Motivational Interviewing
What is Motivational Interviewing?
Motivational interviewing (MI) is a collaborative, person-centered counseling style aimed at eliciting and strengthening motivation to make positive change.
The Basic Idea
There are many reasons why people might want to make positive changes in their lives, but there are also many reasons why they might lack the motivation to do so. It could be overcoming substance abuse, adopting healthier eating, or breaking away from criminal behavior. But, putting external pressure on a person to make changes to their behavior, lifestyle, or attitudes is often ineffective; people need to have the motivation to change in order for change to occur.
In motivational interviewing, practitioners engage with clients in a practical way to help them find and enhance their own intrinsic motivation for change.2 This occurs in two stages: first, building motivation to change; and second, strengthening commitment to change.
The central idea of MI is somewhat paradoxical: For people to be able to change, they first need to feel accepted as they are.1 To put it plainly, feelings of acceptance boost self-esteem and help bolster the motivation to change.
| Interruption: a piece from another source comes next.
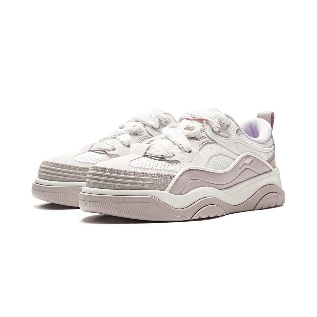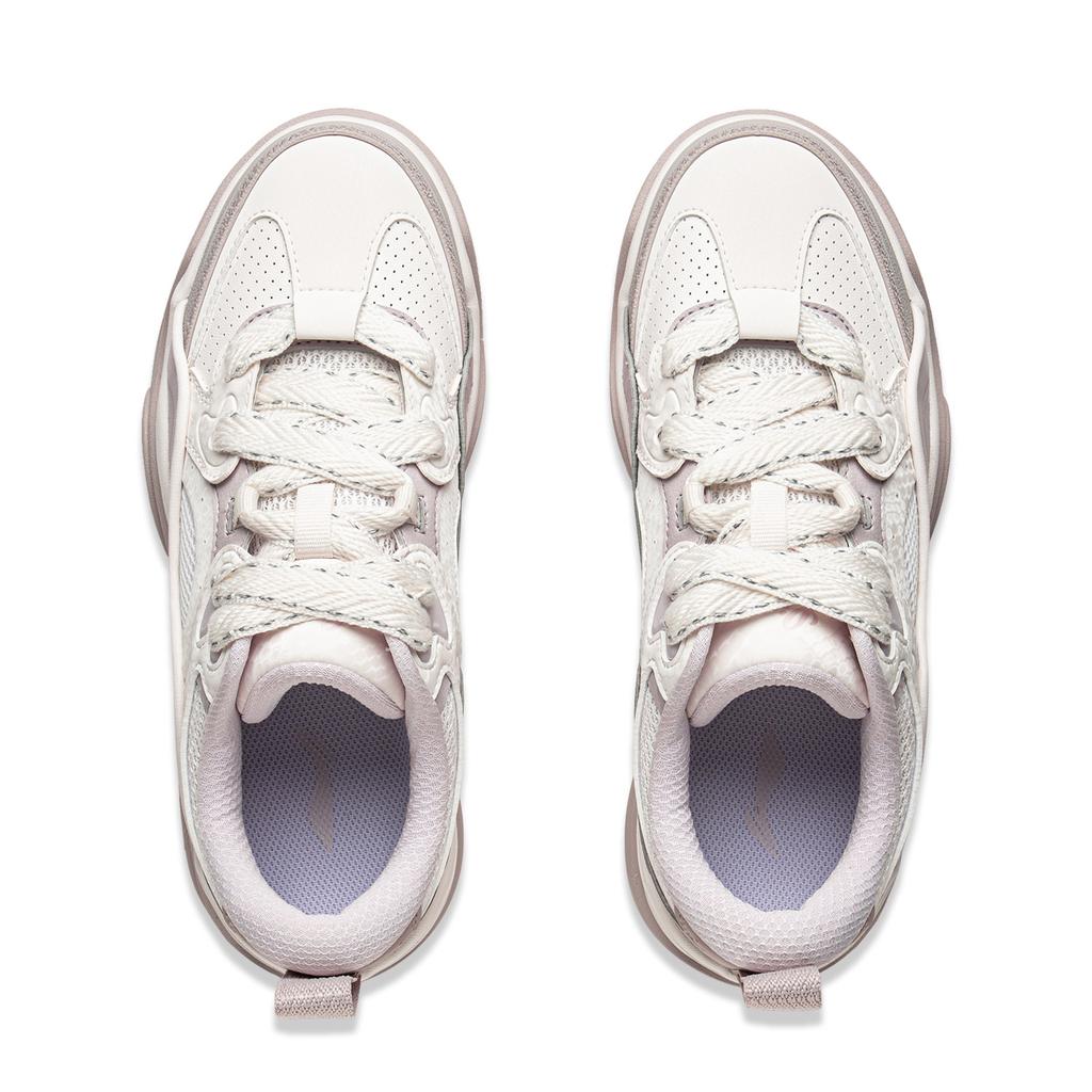Li Ning Journey 2.0 Амортизирующая обувь Толстая подошва Увеличение роста Амортизация Универсальные кроссовки с низким верхом Женские кроссовки Бело-фиолетовый AGCV328-2
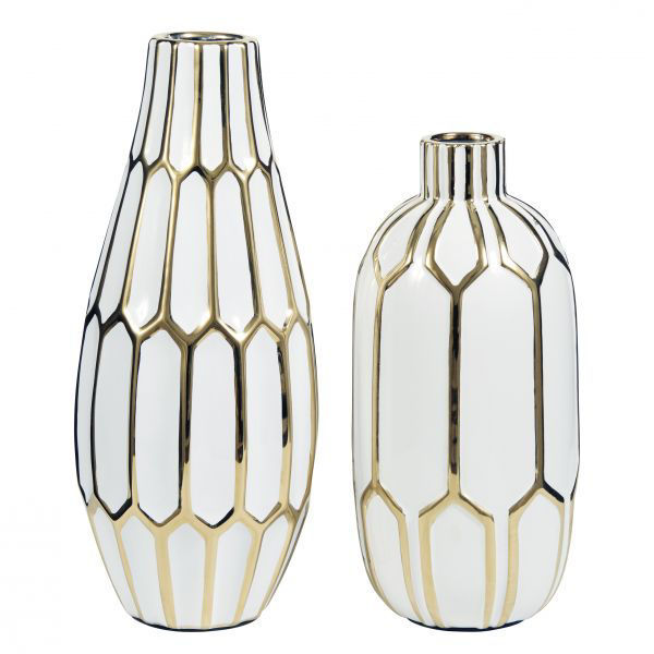 Stunning in gold-tone and white, the Mohsen 2-piece vase set is what your home’s been missing. Varying sizes in the honeycomb-inspired geometric pattern bring a visual appeal. These vases aren’t just good for looks, they’re durable enough to go outside, too. How’s that for style

One of the main goals of MI is to overcome ambivalence, the conflicted state where individuals are stuck between wanting to change and not wanting to change.3 For example, an individual with serious health problems as a result of heavy drug abuse may have genuine concerns about the impact of using on their health, but continue to take drugs despite advice from their doctor. In these cases, the perceived short-term benefits take precedence over the perceived long-term gains.
MI is based on a set of principles that emphasize the autonomy of the client and a collaborative therapeutic relationship in which the therapist is viewed as a facilitator rather than an expert or authority. This is known as the “spirit” of motivational interviewing and has four components:
Collaboration: The practitioner and client work together as partners. The practitioner respects the client’s expertise in their own life and avoids an authoritative, confrontational, or prescriptive stance.
Evocation: Rather than imposing reasons for change from the outside, MI aims to draw out and cultivate the client’s own motivations and resources for change.
Acceptance: Practitioners demonstrate an accepting attitude toward clients by valuing the inherent worth of every individual, practicing empathy, respecting and reinforcing the client’ capacity for self-direction, and affirming the client’s strengths and efforts.
Compassion: Practitioners are conscious of their commitment to the well-being and best interests of the client—showing empathy and promoting judgment-free communication.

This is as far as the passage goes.